Tonight we meet with our ring designer for a meeting before going out with Kindra for a belated birthday dinner! Tomorrow I work and address envelopes. Wednesday, Jen Denis is coming into town and there's some sort of lawn game party going on. Friday I have my second fitting before we leave for Orcas Island!!!!! Next Monday we leave for NYC!! Whirlwindy, for sure.
kellianne: (Default)
Last night was amazing. We met with Natasha, hit up Whole Foods, and headed over to Erin's house around 7. We grilled, drank, and then danced danced danced to the DJ's music by the pool. We got the DJ to play FREEDOM, which he didn't want to do, but you really can't argue with 2 redheads who want you to play FREEDOM on the 4th. The (self righteous) (jerk of a) DJ insulted George while I was requesting the song, but I let it go in the spirit of Independence Day. Eventually we felt pretty hot and definitely drunk. SO we stole all of Erin's bikinis and jumped into the pool, which was absolutely lovely and perfectly heated. The fireworks started while we were in the pool, and a douche bag started bothering us (he asked what we did for a living. we made him guess and he suggested that half of us must do clerical work, then someone yelled at him to get his glass out of the pool and he wouldn't, so we gave him the cold shoulder and he called us faggots under his breath. charming.). we ditched the pool and ran upstairs to watch the gorgeousness from Erin's balcony. Fireworks by the needle were cool, but Lake Union fireworks definitely won. There were cream puffs, squares, sparkly pants, pony tails, weeping willows, and smiley faces in the sky. Then I broke Erin's table, for which I am eternally sorry. Then we went to McLeod Residence and danced some more. They were having Halloween in July over there, which was pretty awesome. At some point, Buster hijacked a crazy horn hat and soon it was after last call so we ended up with all of these people on our roof for a bonfire. I can still smell campfire in the air. I don't know what time we went to bed and I don't know how I don't feel like absolute crap, but I don't. In fact, I'm pretty super happy sitting here and stealing glances at my adorable sleeping Buster, who rallied me out of bed and to the shower an hour ago and I guess forgot to rally himself.

Thanks again to Erin! I hope we didn't leave too much of a mess. You know, aside from the table and all. (Yikes!)

...

Today I have to clean the whole house, do Clarita's hair, and work on this whole invitation business. Invitations will be in the mail by the end of the week. I find this awfully exciting, slightly terrifying, and totally awesome. Holy smokes, this wedding is happening! The invitations are hilarious and gorgeous. I'll show everyone what the talanted Sara and Thor designed for us once the mailers are out.

Food!

Mar. 5th, 2008 11:31 am
kellianne: (Default)
I am currently obsessed with blasting broccoli (as inspired by a dish at Black Bottle) and making all kinds of different polenta pies.

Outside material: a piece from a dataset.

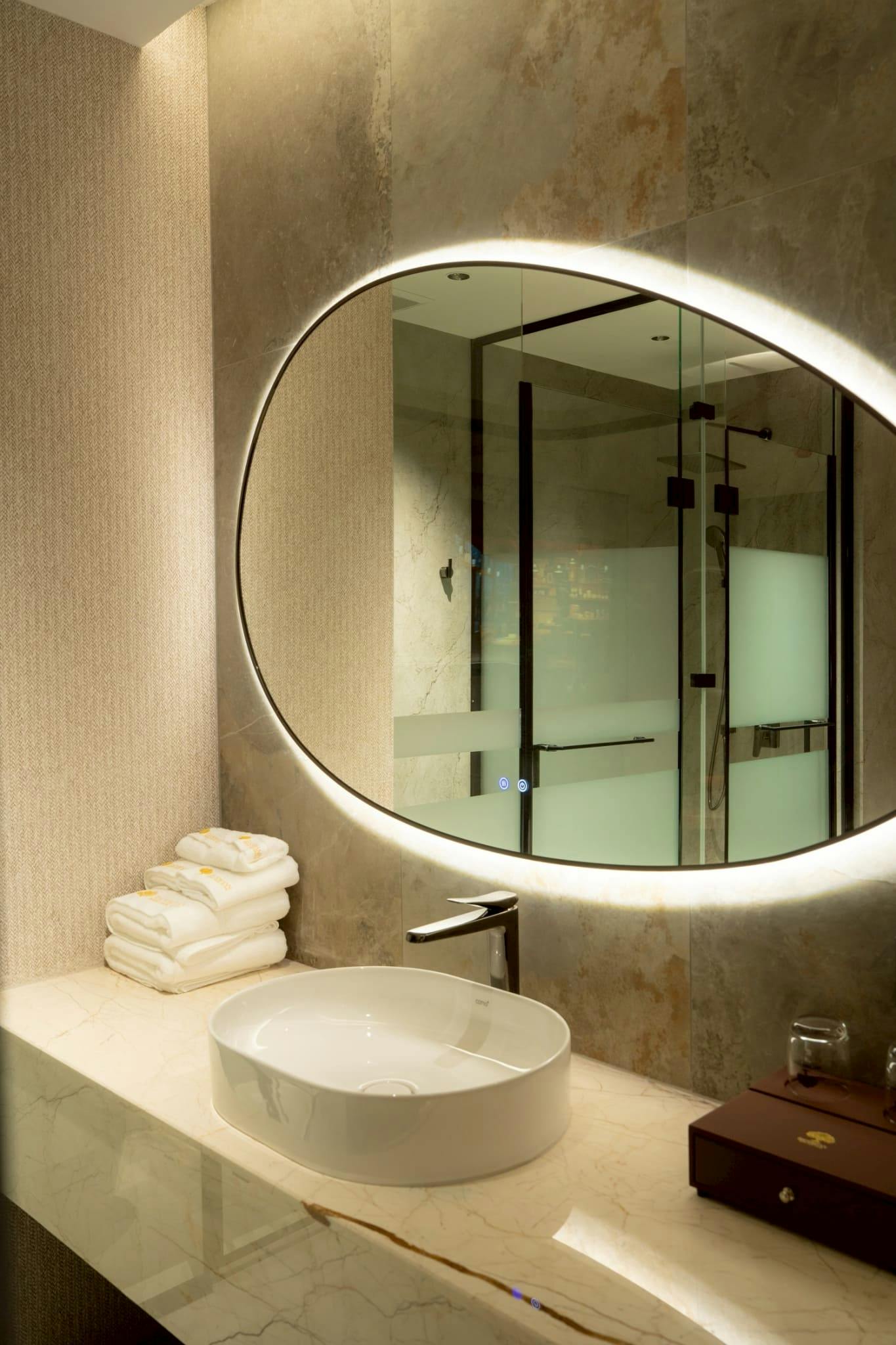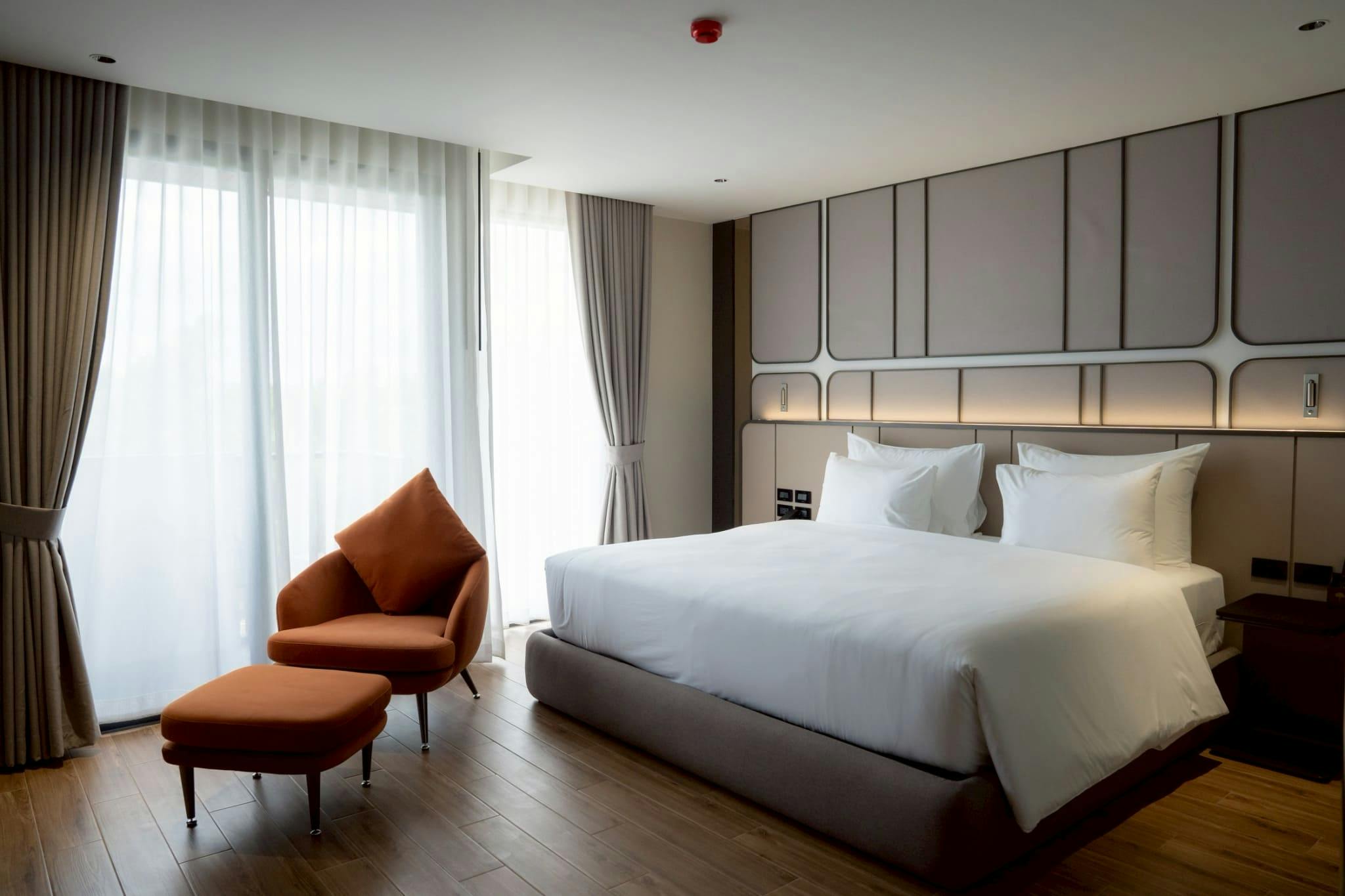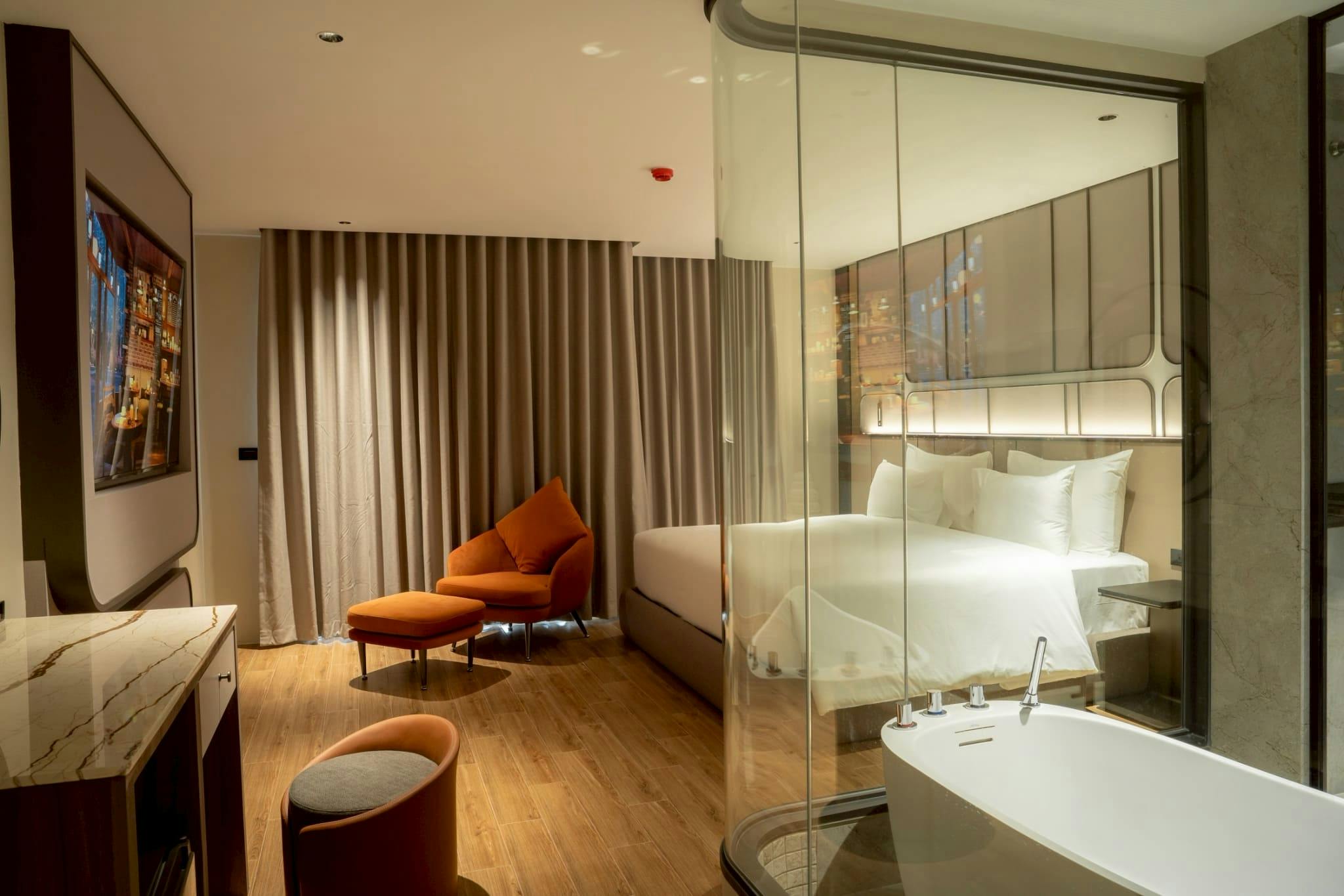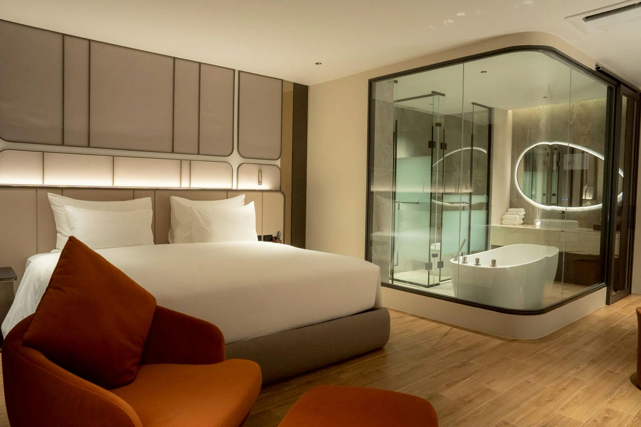 Reward your curiorsity in 42.6 sqm room offers fully-furnished with comfy super king size bed of Royal luxury slumberland bed, 55" SMART TV, minibar, complimentary high speed internet, rainshower, bathtub, hairdryer 1800 watts, and spacious balcony. ห้องขนาด 42.6 ตร.ม. การตกแต่งครบครัน ให้คุณสัมผัสความนุ่มสบายเป็นพิเศษจากเตียงสลัมเบอร์แลนด์ขนาด 7 ฟุต พร้อมด้วยชุดเครื่องนอนที่ผลิตจากเส้นใยผ้าคุณภาพสูง สมาร์ททีวี 55 นิ้ว มินิบาร์ อินเทอร์เน็ตความเร็วสูง ห้องอาบน้ำเรนชาวเวอร์ อ่างอาบน้ำ ไดร์เป่าผม 1800 วัตต์ และระเบียงขนาดกว้างขวาง

Initially the polenta pie recipe in Moosewood was what got me going. I've had this book for years, and once upon a time I had a bit of their polenta pie at Misha and dB's house when they lived in the LES. During Health Month, I craved this pie. I kept passing the recipe in Moosewood and drooling in memory of that delicious, crispy, cheesy, vegetabley pie. It was one of the first dishes I made after Health Month ended. I went out on a limb and added extra cheese and an oily sundried tomato spread. Last night I cooked a polenta crust again and added a filling of Italian sausage (left over from last weekend's great weekend long Oregon cookup), tomato wine sauce, onions, mushrooms, and garlic. Of course I used a ton of Parmesan cheese in the mix as well... It was ridiculously good. I'm fixing myself up a small slice for lunch... and blasting some broccoli while I'm at it.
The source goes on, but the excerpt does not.